**TASK TO CARRY OUT**
Gather all lines from the material that contain "hipertrófico".

**DATA SUPPLIED**
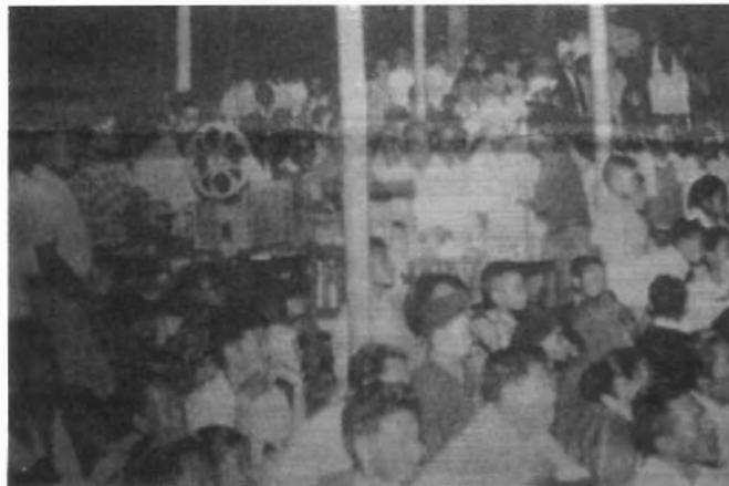
รูปที่ 4.60 บรรยากาศหนังขายยาในอดีต

“ตอนเด็ก ราวๆ 40 ปีมาแล้ว ส่วนใหญ่หนังไทยมันจะถูกนำไปฉายในต่างจังหวัด เอาไปฉายพร้อมไปขายยาในตัว โดดเด่นมากคือโอสภสกา เขาก็จะไปพร้อมรถหาบแร่ เนื่องจากพี่เป็นเด็ก ตจว. จะไปดูหนังต้องทำงานบ้านให้เสร็จก่อน เวลาไปดูก็หาเสื่อไปนั่งดู ส่วนใหญ่ก็ไปคนเดียวบางทีก็พาน้องไป ไปเจอเพื่อนที่ฉายหนัง ด้วยความอยากดูมิดๆก็ไม่กลัวผี คนละแวกนั้นก็เดินเป็นพรวนตามๆกันไป หนังที่ฮิตมากคือหนังไทยที่เป็นหนังบู๊ สมัยก่อนยิงภูเขา เผากระท่อม ได้รับอิทธิพลจากหนังคาวบอย สมัยนั้นไม่ว่าสุภาพบุรุษเสื่อไทย เहांดง ก็ได้ดู มีฝ่ายธรรมมะ ธรรมชัดเจนมาก ผู้ร้ายด่าดำไปเลย พระเอกขาวไปเลย เกิดเรื่องในหมู่บ้าน นางเอกต้องฝ้ายถูกกระทำ โดยผู้ร้ายเป็นเจ้าของมีอิทธิพล พระเอกเป็นอัศวินม้าขาวในเมืองมาช่วยปราบ” (ธนิตย์ จิตนุกูล, สัมภาษณ์, 2553)
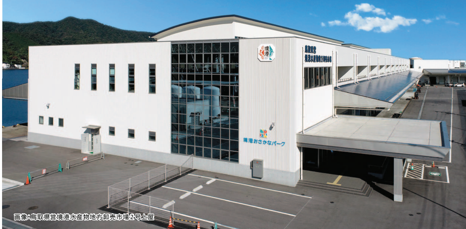
画像:鳥取県営境港水産物地方卸売市場2号上屋
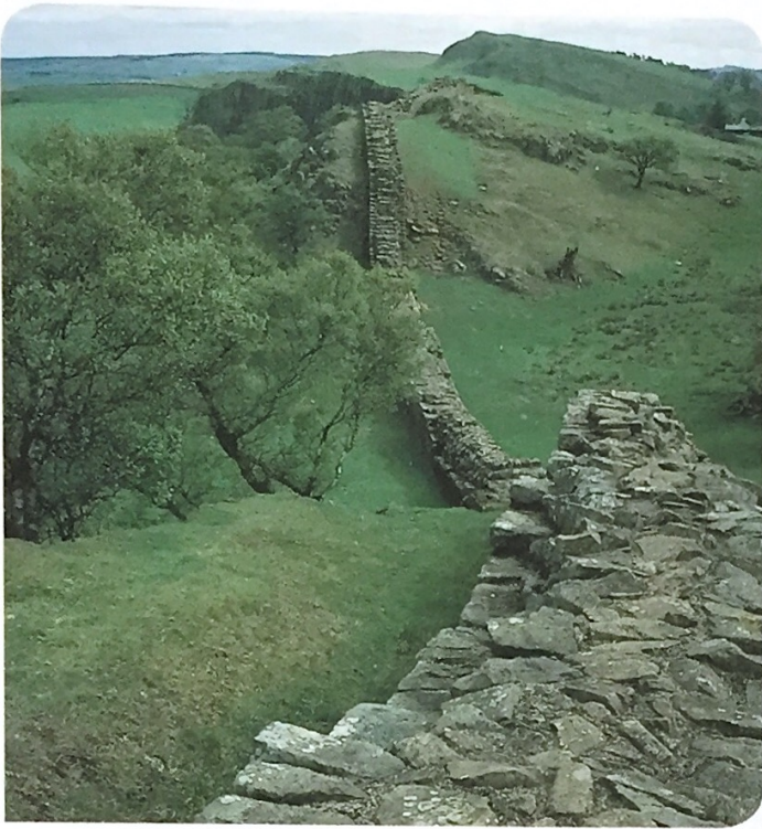
Muro de Adriano en Inglaterra, siglo II. El emperador mandó construir esta muralla para defender la Britania romana de las belicosas tribus del norte.

pero, a la larga, Roma no lograría contener las avalanchas migratorias que se sucederían a partir del siglo III. El ejército y los muros se revelaron insuficientes para contener a pueblos enteros que, empujados a menudo por la necesidad o la presión de otros pueblos, cruzaban las fronteras romanas en busca de tierras que asegurasen su subsistencia.
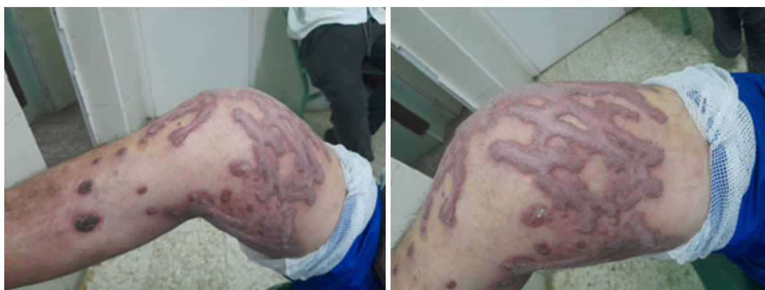
Panel A: Se observan las lesiones del liquen plano hipertrófico, en el miembro inferior derecho, vista medial (muestra el costado interno del muslo y pierna).

Se trata de un paciente de 47 años de edad, con antecedentes de salud aparente, comienza con lesiones pruriginosas en miembros inferiores que evolucionan a lesiones hiperqueratósicas, a pesar del tratamiento inicial con cremas esteroideas y antiinflamatorios por vía oral. Se decide la realización de biopsia y se obtiene como resultado el diagnóstico del liquen plano hipertrófico.
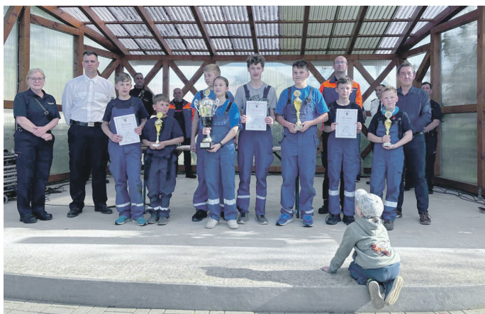
Die strahlenden Sieger des 25. Geländespiels

Da die jüngeren Teilnehmer im Alter von sechs bis neun Jahren gleichberechtigt bewertet werden, müssen feuerwehrtechnische Übungen an diese Altersklasse angepasst werden. Je nach Durchschnittsalter der Starter gab es bei den Übungen Zeitzuschläge bzw. Bonuspunkte. Schlussendlich sammelte die Mannschaft Markvippach die meisten Punkte und nahm somit der Jugendfeuerwehr Köllda den Wanderpokal ab.
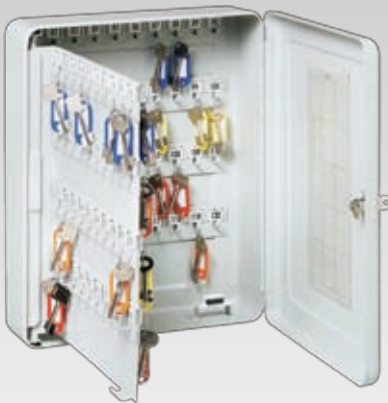
Abb.: RL 120
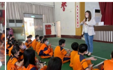
20220314 美感戲遊記 苗栗公館國小「旦角基礎指法教學 - 我」
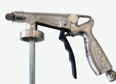
681-4221-2 ボディーアンダーシュツガン2 (缶口径40mm用)
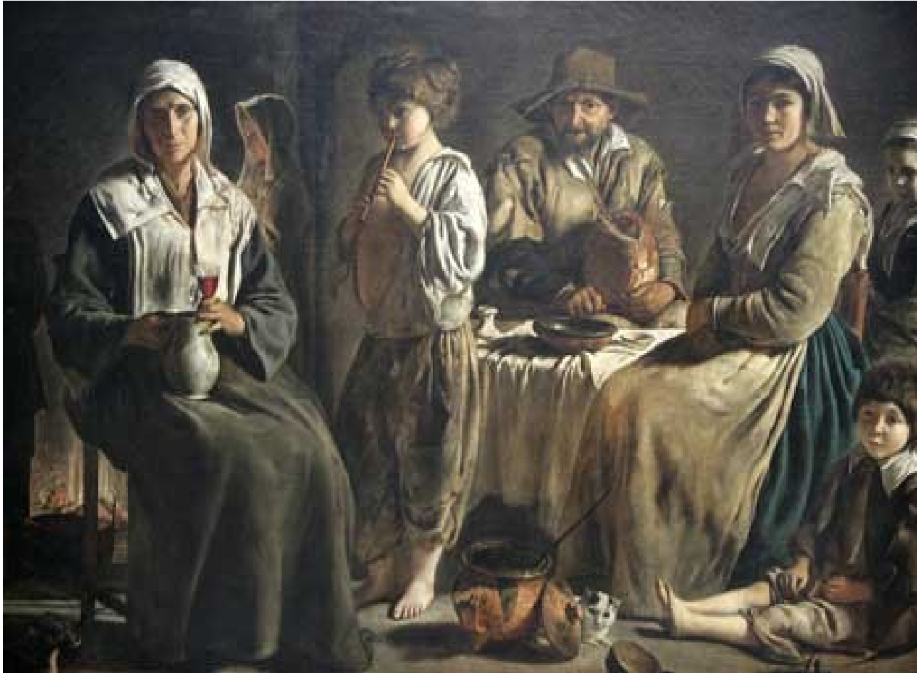
Louis Le Nain, Famille de paysans , 1642.
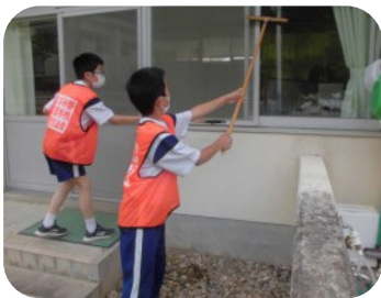
< 全校ボランティア活動 >
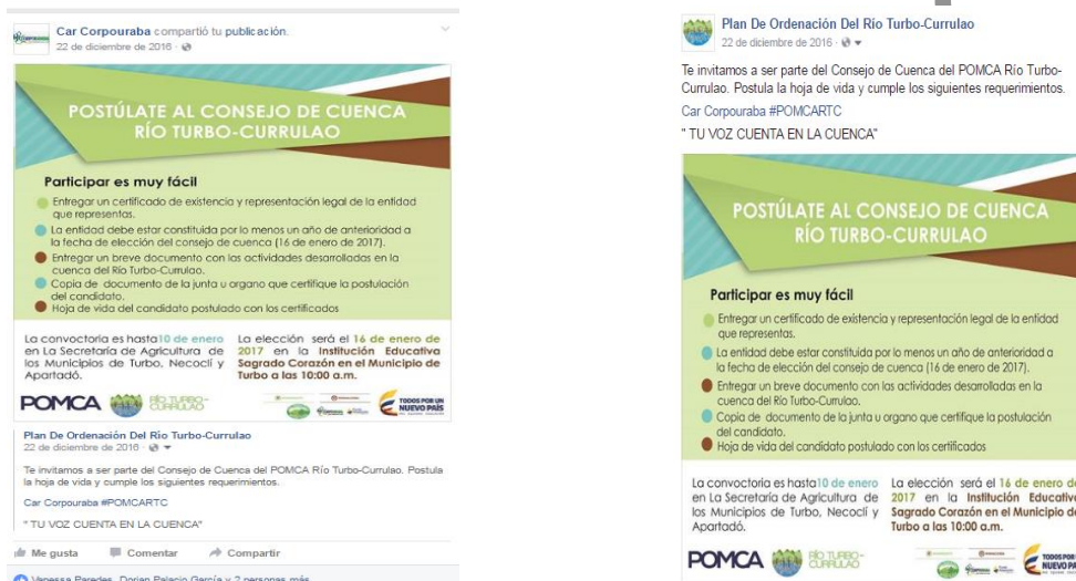
Figura 9. Volante Informativo Consejo de Cuenca

Se diseñó una pieza gráfica con conceptos claves sobre el Consejo de Cuenca publicado en la red social de CORPOURABA del POMCA Río Turbo-Currulao; esta pieza gráfica corresponde a un volante informativo con la definición del Consejo de Cuenca, funciones de un consejero, requisitos para la postulación, fecha límite para la recepción de documentos y fecha de elección. La pieza informativa fue enviada el 28 de diciembre de 2016 a los correos electrónicos registrados en la base de datos de los actores del POMCA Río Turbo-Currulao; además, fue publicado en el Facebook oficial de CORPOURABA y del POMCA a partir del 22 de diciembre de 2016 (ver Figura 9).
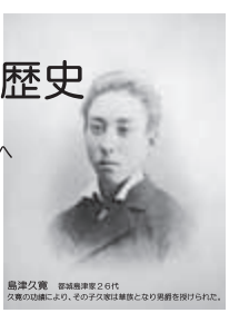
島津久實 都城島津家2代 久實の幼名により、その子女等は華姓となり美稱を授けられた。
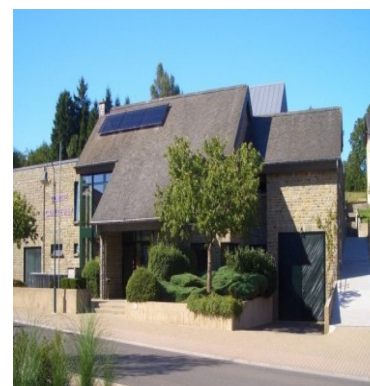
Centre Camille Ney ELL
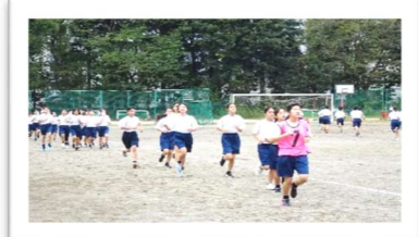
【ロードレース大会】
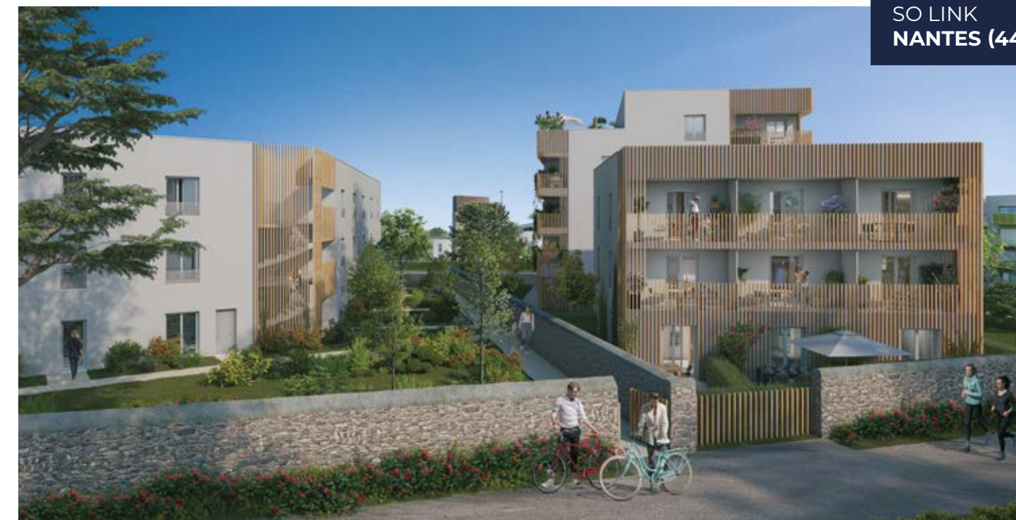
SO LINK NANTES (44)
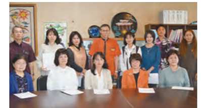
沖縄県伝統工芸製品検査員辞令交付式 検査員の皆さん

**WRITTEN REPLY**
Panel A: Se observan las lesiones del liquen plano hipertrófico, en el miembro inferior derecho, vista medial (muestra el costado interno del muslo y pierna).
Se trata de un paciente de 47 años de edad, con antecedentes de salud aparente, comienza con lesiones pruriginosas en miembros inferiores que evolucionan a lesiones hiperqueratósicas, a pesar del tratamiento inicial con cremas esteroideas y antiinflamatorios por vía oral. Se decide la realización de biopsia y se obtiene como resultado el diagnóstico del liquen plano hipertrófico.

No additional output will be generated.